Performance of using Mel-Frequency Cepstrum Based Features in Nonlinear Classifiers for Phonocardiography Recordings

Ibrahim Ozkan,Atila Yilmaz
DOI: https://doi.org/10.23919/EUSIPCO58844.2023.10289832
2024-02-20
Abstract:Cardiovascular system diseases can be identified by using a specialized diagnostic process utilizing a digital stethoscope. Digital stethoscopes provide phonocardiography (PCG) recordings for further inspection, besides filtering and amplification of heart sounds. In this paper, a framework that is useful to develop feature extraction and classification of PCG recordings is presented. This framework is built upon a previously proposed segmentation algorithm that processes a feature vector produced by the agglutinate application of Mel-frequency cepstrum and discrete wavelet transform (DWT). The performance of the segmentation algorithm is also tested on a new data set and compared to the previously reported results. After identifying the fundamental heart sounds and segmenting the PCG recordings, five principal features are extracted from the time domain signal and Mel-Frequency cepstral coefficients (MFCC) of each cardiac cycle. Classification outcomes are reported for three nonlinear models: k nearest neighbor (k-NN), support vector machine (SVM), and multilayer perceptrons (MLP) classifiers in comparison with a linear approach, namely Mahalanobis distance linear classifier. The results underline that although neural networks and linear classifier show compatible performance in basic classification problems, with the increase in the nonlinearity of the classification problem their performance significantly vary.
Signal Processing
What problem does this paper attempt to address?

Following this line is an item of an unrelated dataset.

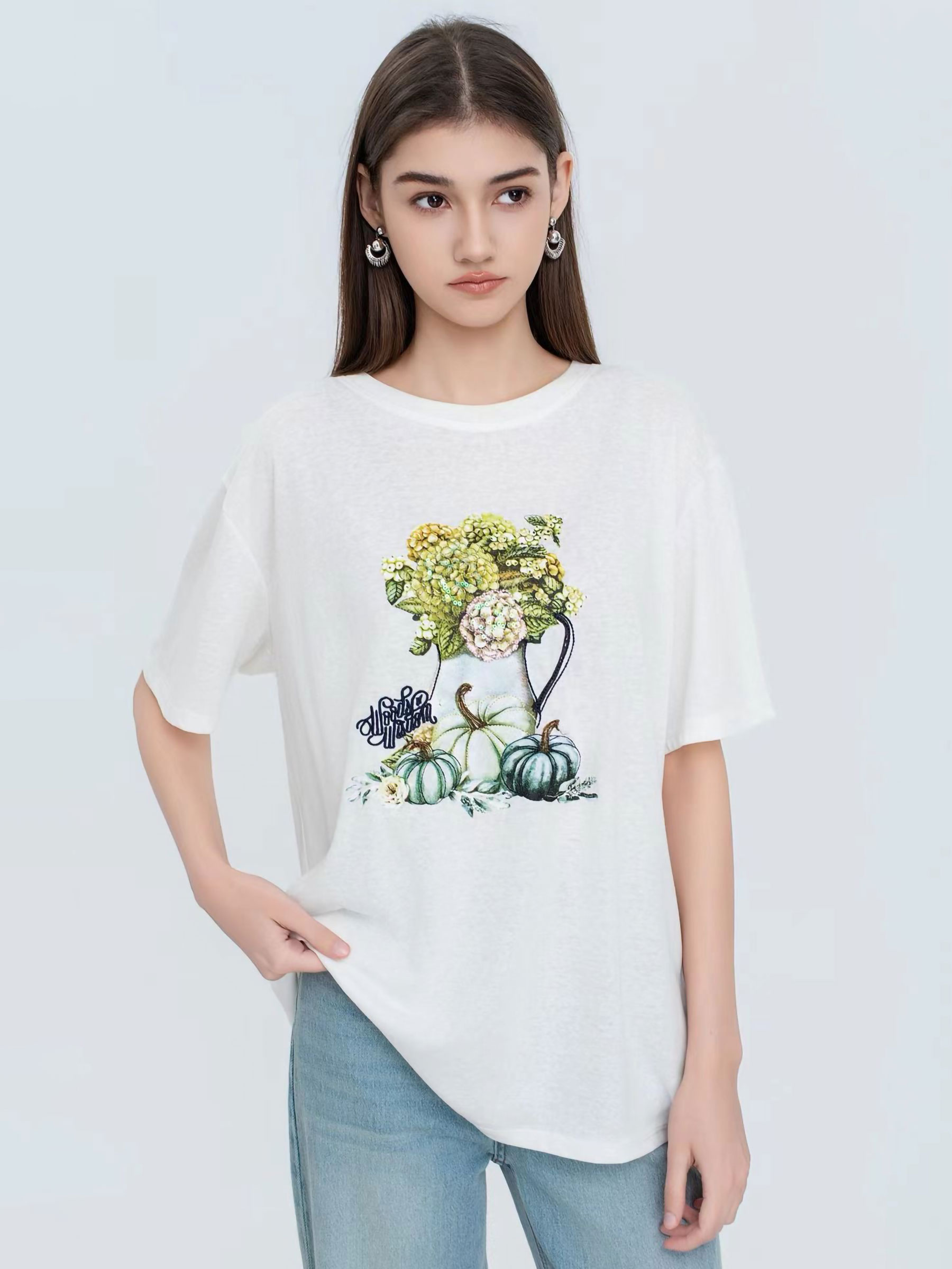 Camiseta oversize estampada jarrón floral

This paper discusses the effect of using Mel-Frequency Cepstrum (MFCC) features in nonlinear classifiers for the analysis of heart sound recordings. The main objective of the study is to develop a framework for feature extraction and classification of heart sound signals. The paper proposes a segmentation algorithm that combines MFCC and Discrete Wavelet Transform (DWT), and tests its performance on a new dataset, comparing the results with previously reported ones. The paper begins by introducing the diagnosis of cardiovascular diseases using digital stethoscopes, where phonocardiography (PCG) recordings aid in further analysis. The authors then present a framework for identifying basic heart sounds and extracting five main features from the time-domain signals and MFCC of each cardiac cycle. They use three nonlinear models (k-nearest neighbors, support vector machine, and multilayer perceptron) as well as a linear Mahalanobis distance classifier for classification, and find significant differences in performance between neural networks and linear classifiers as the classification problem becomes more nonlinear. In the experimental section, the paper uses a new dataset containing normal and abnormal heart sounds to evaluate the performance of the segmentation algorithm and compares the results with the previous dataset. In the first-level classification, all classifiers perform similarly, but in the second-level classification (differentiation of abnormal types), the neural network outperforms the linear classifier. Furthermore, the addition of MFCC features improves the classification performance. In conclusion, this paper attempts to address how to effectively utilize MFCC and DWT features to improve the segmentation and classification of heart sound recordings, particularly in distinguishing different cardiac abnormal types, demonstrating the advantage of nonlinear models in complex classification problems.